Искусство нешуточное, необходимое истовому и последовательному бюрократу, для которого форма важнее смысла, бумага надежнее живого человека и чья служебная функция — этого человека обезличить. Абстрагировать до уже неопределимых и неощутимых размеров общего и даже просто пустого места, когда одна обыкновеннейшая описка, узаконенная резолюцией, по этой причине оказывается неприкосновенна, а другая вообще вырастает в подпоручика Киже.
Но тут-то и определяется их различие, «чистого» бюрократа Панина (или, возвращаясь в лоно художественной литературы, скажем: Князя) и Варравина. Слова последнего также громки и красивы, но о пустоте содержания говорить не приходится.
«Муромский…Стало, по вашему закону, шулеру Расплюеву больше веры, чем мне. Жесток ваш закон, ваше превосходительство.
Варравин (улыбаясь). Извините, для вас не переменим. Впрочем… пора кончить; я затем коснулся этих фактов, чтобы показать вам эту обоюдоострость и качательность вашего дела, по которой оно, если поведете туда, то и все оно пойдет туда… а если поведется сюда, то и все… пойдет сюда…
Муромский (с иронией). Как же это так (качаясь) и туда и сюда?
Варравин. Да! И туда и сюда. Так что закон-то при всей своей карающей власти, как бы подняв кверху меч (поднимает руку и наступает на Муромского; — этот пятится), и по сие еще время спрашивает: куда же мне, говорит, Варравин, ударить?!.

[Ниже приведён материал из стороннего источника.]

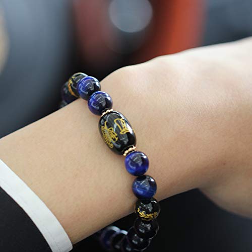 • ★Matercial:100% genuine and real stones ,tiger-eye and black agate, Bead diameter: 10mm, the totle Weight:33g,Bracelet length is about 6.5 inches to 7 inches;
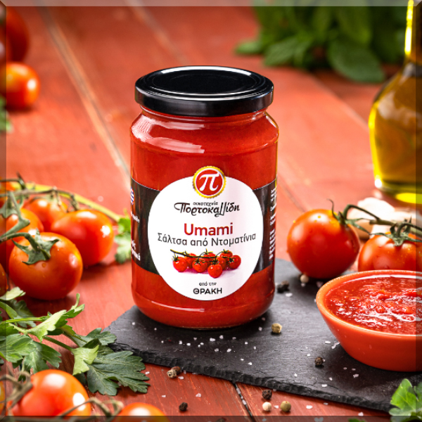 The UMAMI tomato sauce 350 grams from cherry tomatoes of the highest quality, produced and processed by the Portokallides household, is a special proposal for those who are looking for a sauce of a particularly superior quality that can express the creative talent from the housewife to the professionals who intend to create proposals with distinct flavors
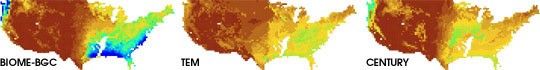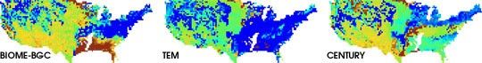 Each image is based on the output of a different computer model, each of which used current climate conditions and carbon dioxide concentrations to calculate plant productivity. (Image courtesy of the University of Montana Numerical Terradynamic Simulation Group)
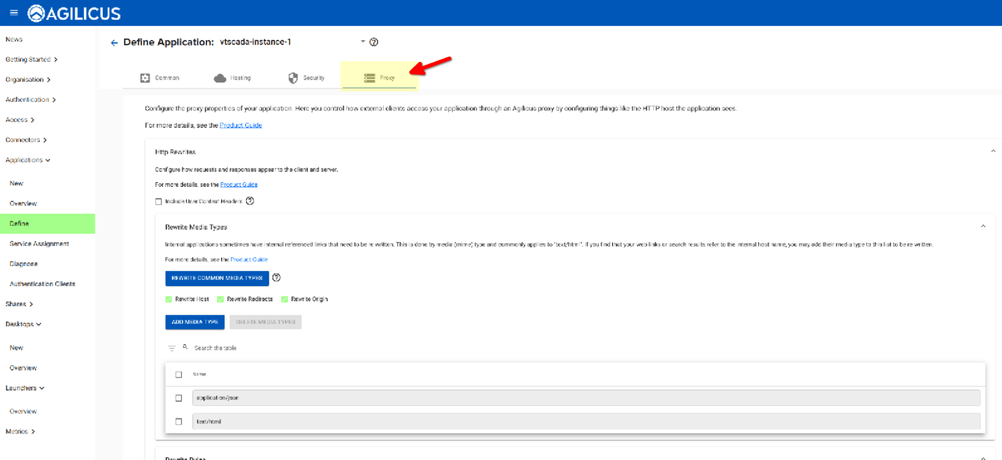 After clicking on “Configure Application”, select the Proxy section
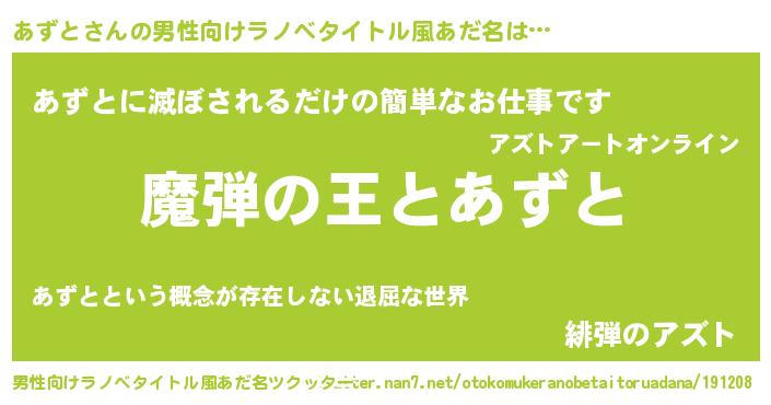 | 意味不明あだ名 | 『住所不定無職あずと(39歳)』 |

Муромский (с испугом). Боже милостивый!..
Варравин. Вот это самое весами правосудия и зовется. Богиня-то правосудия, Фемида-то, ведь она так и пишется: весы и меч!

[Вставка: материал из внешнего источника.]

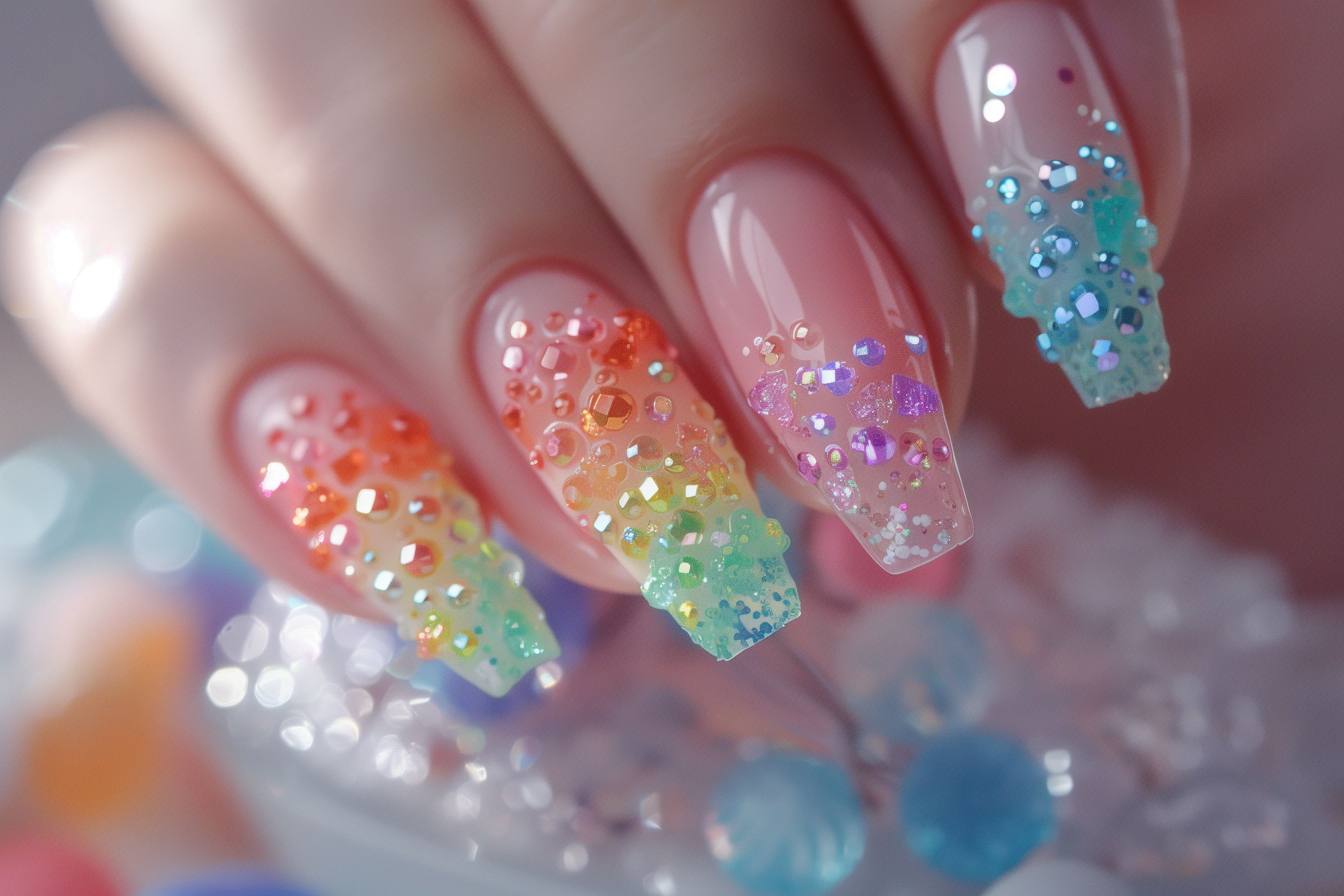 Das Bild zeigt detailreiche, bunte Fingernägel mit einem Regenbogeneffekt und funkelnden Verzierungen. Die langen, spitzen Nägel sind mit verschiedenfarbigen Glitzer- und Paillettenpartikeln dekoriert, die ein glänzendes und farbintensives Gesamtbild ergeben. Die Gestaltung wirkt sehr kreativ, hochwertig und glamourös. Dieses Foto eignet sich hervorragend als kostenloses Stockfoto für Beiträge zu den Themen Kosmetik, Beauty, Maniküre oder Nail Art in hoher Auflösung und unter einer Creative Commons-Lizenz.
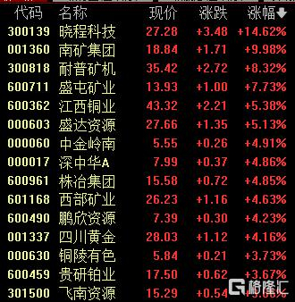 黄金概念走高,晓程科技涨超14%,南矿集团涨停,耐普矿机涨超8%,盛屯矿业涨超7%。
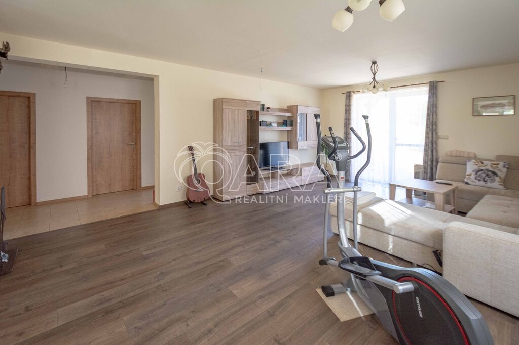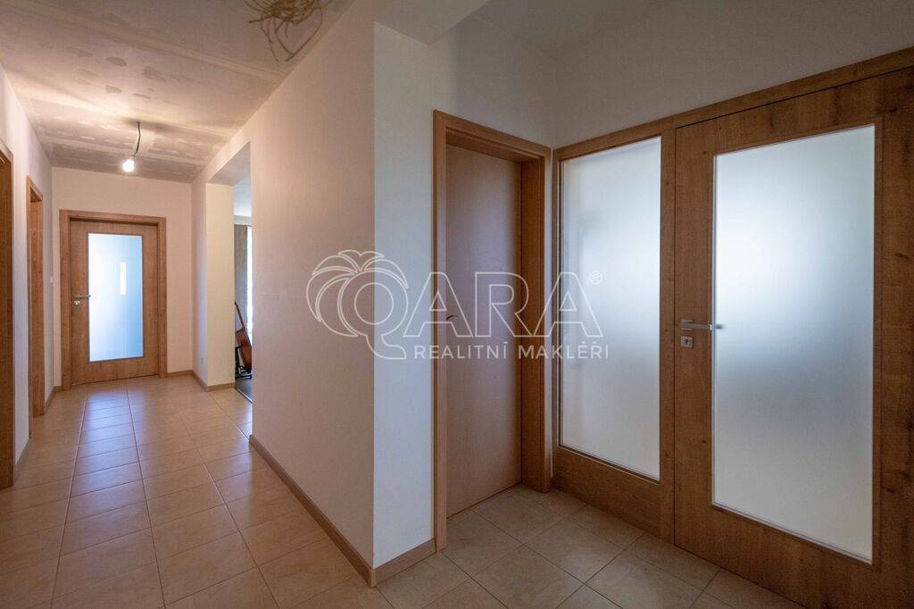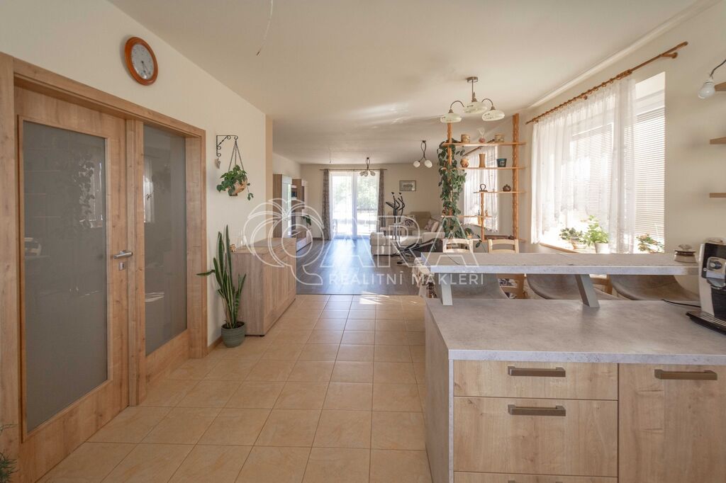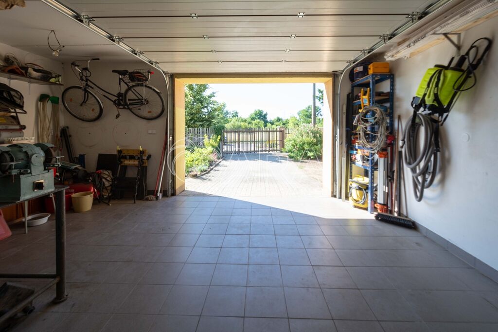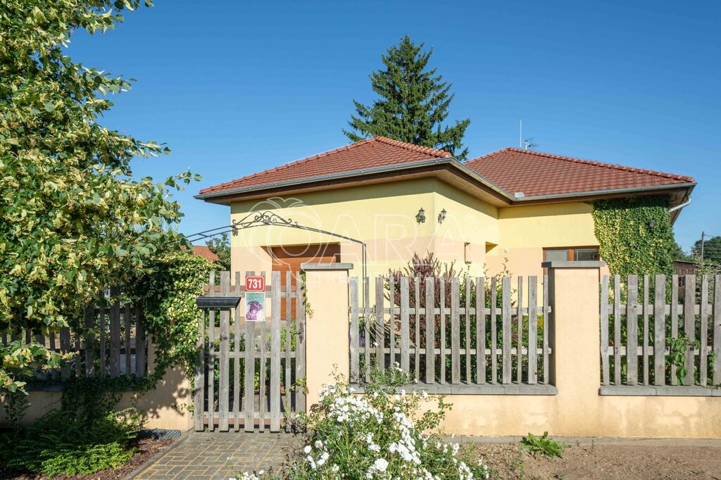 Dispozice přízemí o celkové vnitřní ploše 147,9 m2 + terasa o velikosti 27,6 m2: vstupní hala, chodba, kuchyň spojená s jídelnou, obývacím pokojem a vstupem na terasu, spíž, ložnice s vestavnou skříní a vstupem na terasu, dva menší pokoje, koupelna s vanou a WC, samostatné WC, technická místnost a garáž. Oplocená zahrada s brankou a vjezdovou bránou.

Муромский. Гм… Весы и меч… ну мечом-то она, конечно, сечет, а на весах-то?..
Варравин (внушительно). И на весах, варварка, торгует».
После чего пойдет блистательный — но не цитировать же всего, что этого очень достойно, — диалог-торг.
Свершается переход от роли содержательно пустословящего бюрократа (да, да, содержательно, ибо пустословие и составляет содержание бюрократической деятельности) к роли человека вполне и законченно делового. И именно в этом переходе, в самом процессе его, в движении выявляется сущность Варравина. Не просто взяточника с непомерными аппетитами, но, еще и еще скажу, диалектика взятки.
Он, говорил я, производит нечто из ничего. Добавлю: он сам это «нечто», возникающее из ничего.
Бюрократизм — сила непроизводящая, выморочная, вне-и надсословная; в который раз обращусь к словам Герцена:
«…У нас между дворянством и народом развился не один дворовый человек передней, но и дворовый человек государства — подьячий. Бедная амфибия, мещанин без бороды, помещик без крестьян, «благородный» чернорабочий без роду и племени, без опоры, без военной посадки, сведенный вместо оброка на взятки, вместо «исправительной конюшни» на канцелярию и регистратуру, трус, ябедник и несчастный человек… подозреваемый во всем, кроме несчастности…»
Когда этот «подьячий», эта бюрократическая особь поднимается на высоту, где она почти неразличима для прочих, — как В иктор Панин или Князь, — она сохраняет свои родовые черты и даже являет их в наиболее чистом, кристаллизованном виде. Потому что не зависит от бытовой конкретности, от бедности или хотя бы от тарелкинских разорительных соблазнов, от того, что мешает бюрократу быть «чистым» бюрократом, служащим идее бюрократизма, не отвлекающимся для мошенничества и взятки, не нуждающимся в сожалении, пусть столь презрительном, как герценовское.